The conflict-resolution body is to receive a briefing from AU special envoy Olusegun Obasanjo, who has been leading efforts to mediate talks between the Tigray rebels and Ethiopia’s federal government.
The United Nations Security Council was also set Friday to discuss the conflict in Ethiopia at a private meeting requested by Gabon, Ghana and Kenya this week.
Both meetings are being held a day after Ethiopia announced it will send representatives to AU-sponsored peace talks on October 24. Leaders of the rebel Tigray People’s Liberation Front have not confirmed their attendance at the talks, to take place in South Africa.
AU-mediated peace talks were slated to begin earlier this month but were postponed for logistical reasons.
In recent days diplomats have stepped up their calls for a cease-fire in Tigray.
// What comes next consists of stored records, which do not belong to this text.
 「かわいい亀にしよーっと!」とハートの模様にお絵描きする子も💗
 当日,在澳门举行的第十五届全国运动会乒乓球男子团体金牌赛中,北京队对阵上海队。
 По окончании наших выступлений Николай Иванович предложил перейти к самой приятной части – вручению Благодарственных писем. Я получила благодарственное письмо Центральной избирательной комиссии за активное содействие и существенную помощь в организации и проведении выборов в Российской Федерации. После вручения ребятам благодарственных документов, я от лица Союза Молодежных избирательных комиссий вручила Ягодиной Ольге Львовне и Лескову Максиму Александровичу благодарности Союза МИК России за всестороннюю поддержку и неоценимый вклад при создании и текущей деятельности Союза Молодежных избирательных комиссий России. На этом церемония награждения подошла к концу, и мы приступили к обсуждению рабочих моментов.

Ethiopia said last week it plans to seize Tigray’s airports and other strategic facilities. On Monday it announced the capture of three towns in Tigray.
U.S. State Department spokesman Ned Price said Thursday that the U.N. and AU meetings "demonstrate the international community's great concern about the situation.”
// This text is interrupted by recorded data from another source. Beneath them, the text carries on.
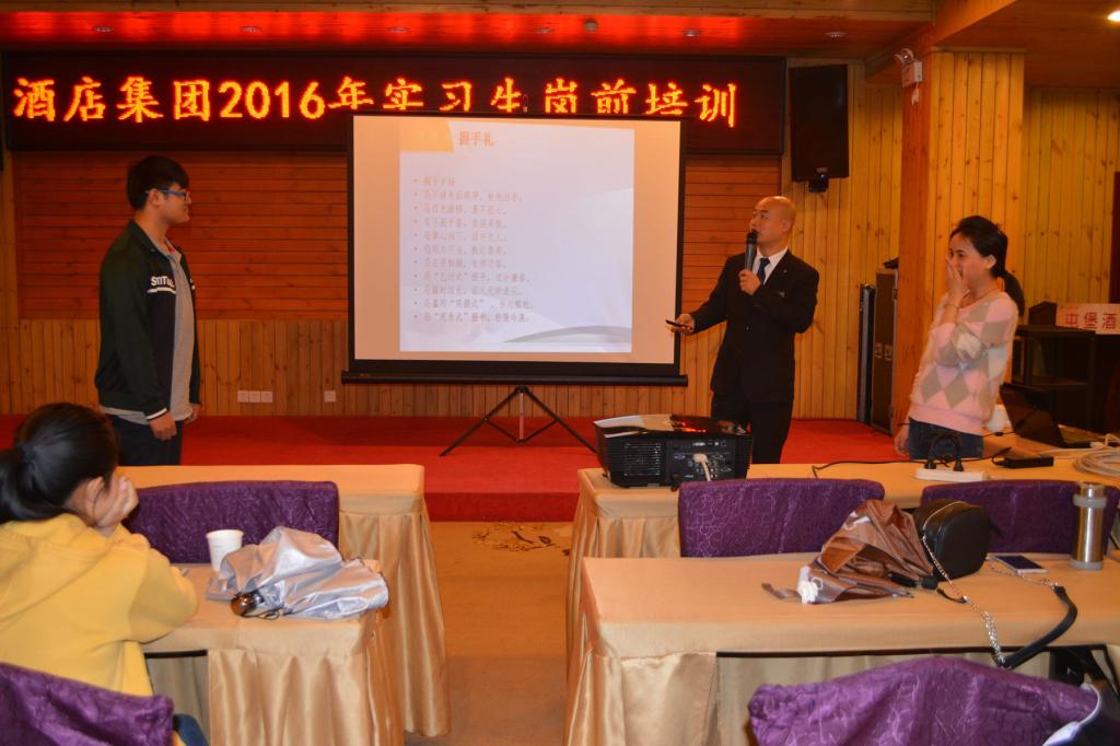 为了让实习生尽快完成角色转换、适应酒店的工作环境、掌握酒店服务技能,2016年3月21日至25日,黄果树酒店集团对我院实习生进行岗前培训。培训内容包含酒店基础知识、企业文化、服务技能、酒店规章制度、安全生产、服务礼仪以及部门实操等。
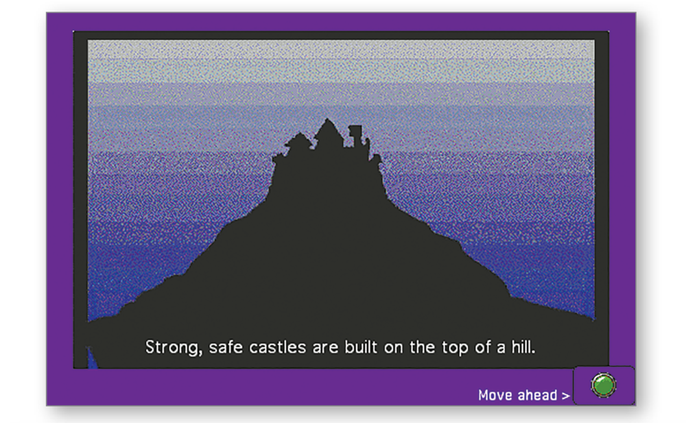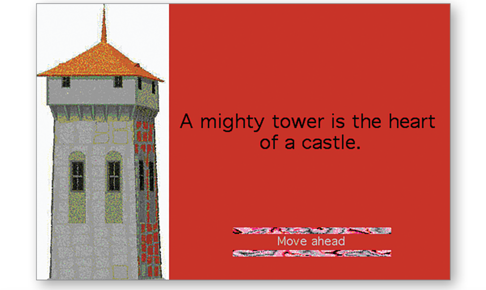 The castle rises from the top of a hill, so its defenders can easily see enemies approaching. Slabs of gray stone are chiseled into bricks and cemented with mortar to build a mighty tower, the heart of the castle. The tower is divided into four levels or stories. Lord Aaron’s wife will have her room on the top floor. Below that will be the lord’s quarters, and below that the dining rooms and servants’ quarters, and then the treasure rooms.
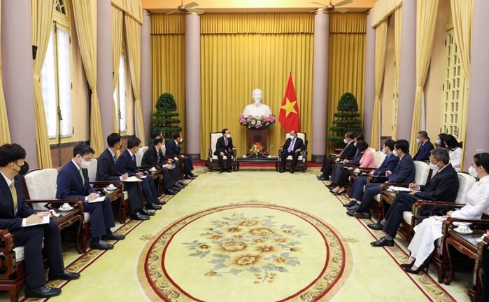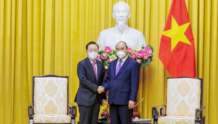 이에 응우옌 쑤언 푹 주석은 베트남에 진출한 한국기업들의 애로사항을 해결하기 위해 노력할 것을 약속하면서, “올해로 한·베트남 수교 30주년을 맞아 한국기업들의 더 많은 진출과 투자를 기대하고, 특히 부품소재산업 중소기업들의 활발한 진출을 위해 양국이 더욱 돈독한 협력관계를 구축하기를 희망한다”고 화답했다.
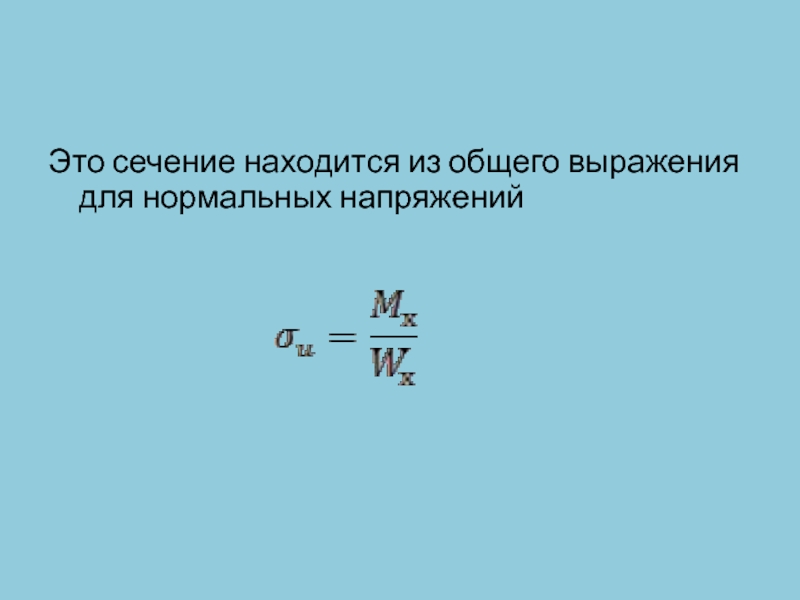 Слайд 21Это сечение находится из общего выражения для нормальных напряжений
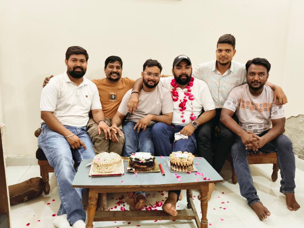 नमन के करीबी दोस्तों — अमन मोदी, दीपक जैन, रूपम जैन, पीयूष जैन, अमन जिंदल, अविनाश जांगिड़ और विशाल राठौड़ ने एक खूबसूरत मावा, चॉकलेट ट्रफल केक के साथ सरप्राइज़ एंट्री ली। तालियों और ‘Happy Birthday’ की गूंज के बीच नमन ने केक काटा और सभी ने मिलकर जश्न मनाया।
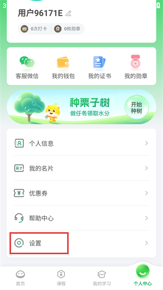 2、进入【个人中心】页面后,找到【设置】选项并点击,可进入设置界面查看更多功能选项。
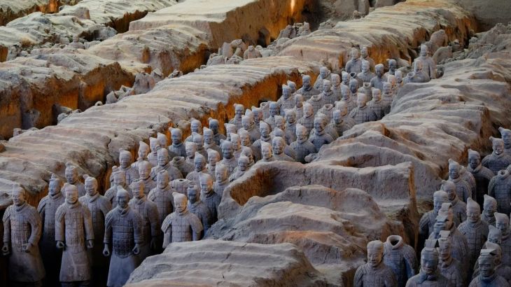 Los Guerreros de Terracota son un conjunto de más de 8.000 figuras de soldados y caballos. Su hallazgo se produjo en 1974 durante la implementación de un programa de abastecimiento de agua. Actualmente, los Guerreros se encuentran dentro del Mausoleo de Qin Shi Huang.
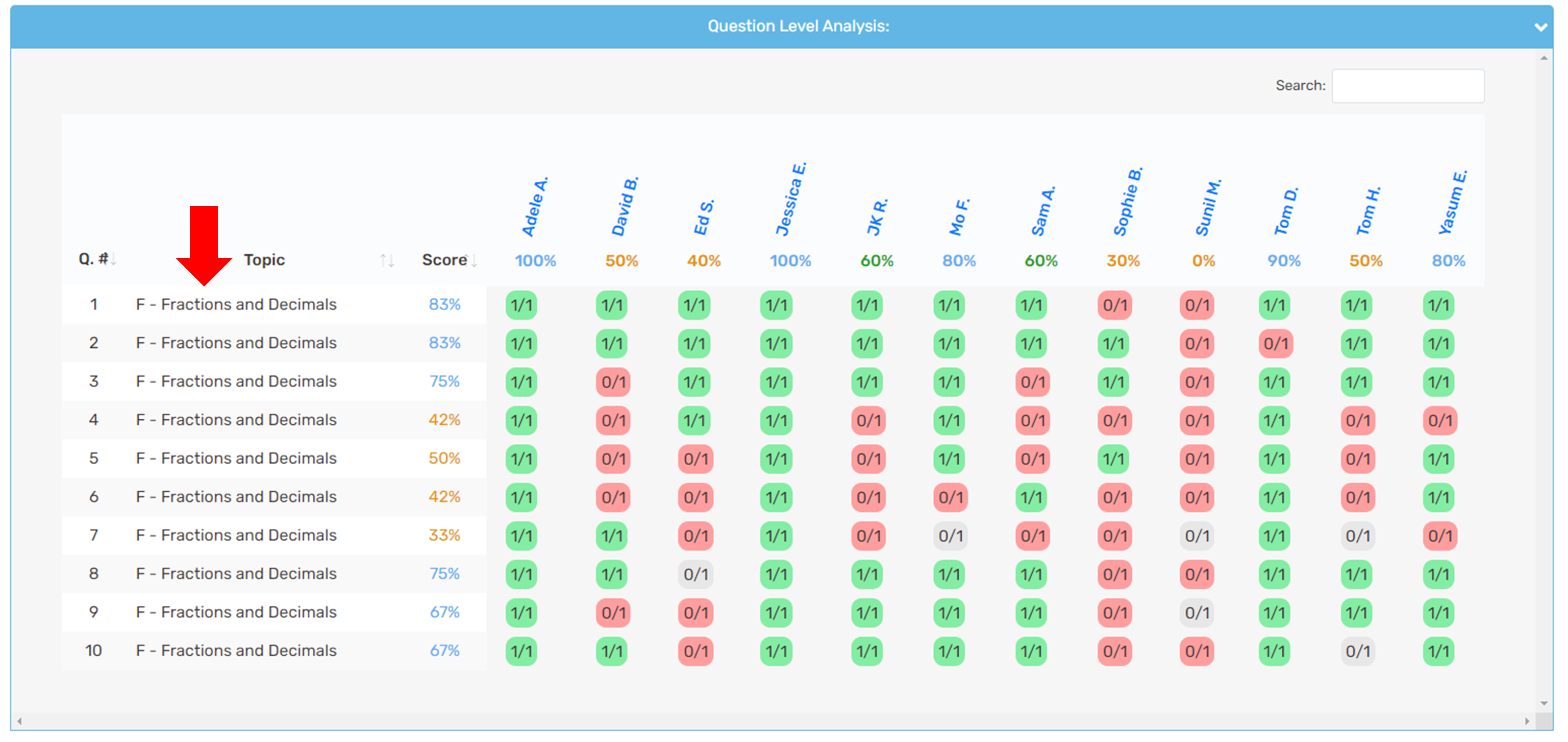 Step 4: If you want to see the exact answer your pupils gave, click on the question in the 'Question Level Analysis'.

He also renewed the U.S. call for the withdrawal of Eritrean troops from Tigray, where they are supporting the Ethiopian government’s offensive.
The AU’s Peace and Security Council last discussed Ethiopia August 4, roughly three weeks before a five-month ceasefire in Tigray ended.
Since then, “the situation in the conflict has dramatically changed for the worse,” said the Amani Africa think tank in a briefing note Friday.